Wednesday, January 9, 2008

Interview and a bonus!

Yale Interview
So I had an interview at Yale last Friday. It went well besides the fact that it got to 6 degrees. I think that is the coldest air I've ever felt. Besides that, the Yale experience was great and I had my most interesting interview yet. Usually interviewers ask you about why you want to go to medical school, questions about your application, etc. They want to see if you're the same in person as on paper.
My interviewer seemed convinced of all that before I even walked in. He was somewhat portly and sat comfortably back in his office chair. He had a South African accent and had a jovial demeanor. We talked comfortably and he laughed with great belly-laughter at quips and jokes I'd make. The first part of the conversation was rather high-level discussion on international work and the philosophy thereof. I discovered he was a classmate of Paul Farmer at Harvard, so was well familiar with his work.

He had done his research on me. In addition to reading through my application (which seemed rare for interviewers), he actually searched for the articles I wrote to the Daily Bruin and then read them. I had gathered by this point that he had atheistic leanings, and when he told me that he had read my articles, I had a pang of fear. Then he asked me how I reconciled science and faith.

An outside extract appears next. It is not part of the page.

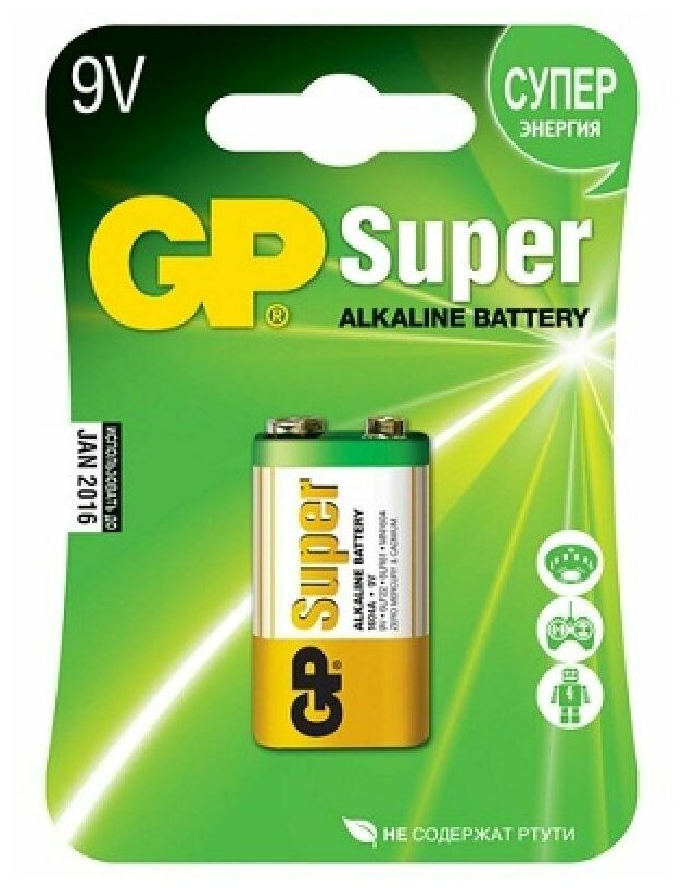 Элемент питания GP 1604A(6FL22)-BC1 изготовлен в стальном прямоугольном корпусе. Изделие имеет номинальное напряжение 9 В. Устройство обеспечивает продолжительную работу разнообразных электрических устройств. Элемент питания не подлежит повторному использованию и зарядке. Применяйте в детских игрушках только качественные батарейки.

I was off-guard for this question at first, but talked through it until I was speaking coherently. As I described my views, he was tracking and had even read a book that I had. I then started asking him questions. I asked if he was a particularly religious man. He said no, but had an interest nevertheless for his children's sake. He commented weakly that he personally wished he could be like I was, that is, with the two reconciled. I asked where specifically he thought there was conflict. He stopped and thought for a long time. He finally said that it was religious people who caused him not to believe. I told him that you ought not judge a faith by its parishioners any more than you judge a scientific theory by the behavior of scientists; he ought to look at the teachings of Jesus to know what Christianity truly was.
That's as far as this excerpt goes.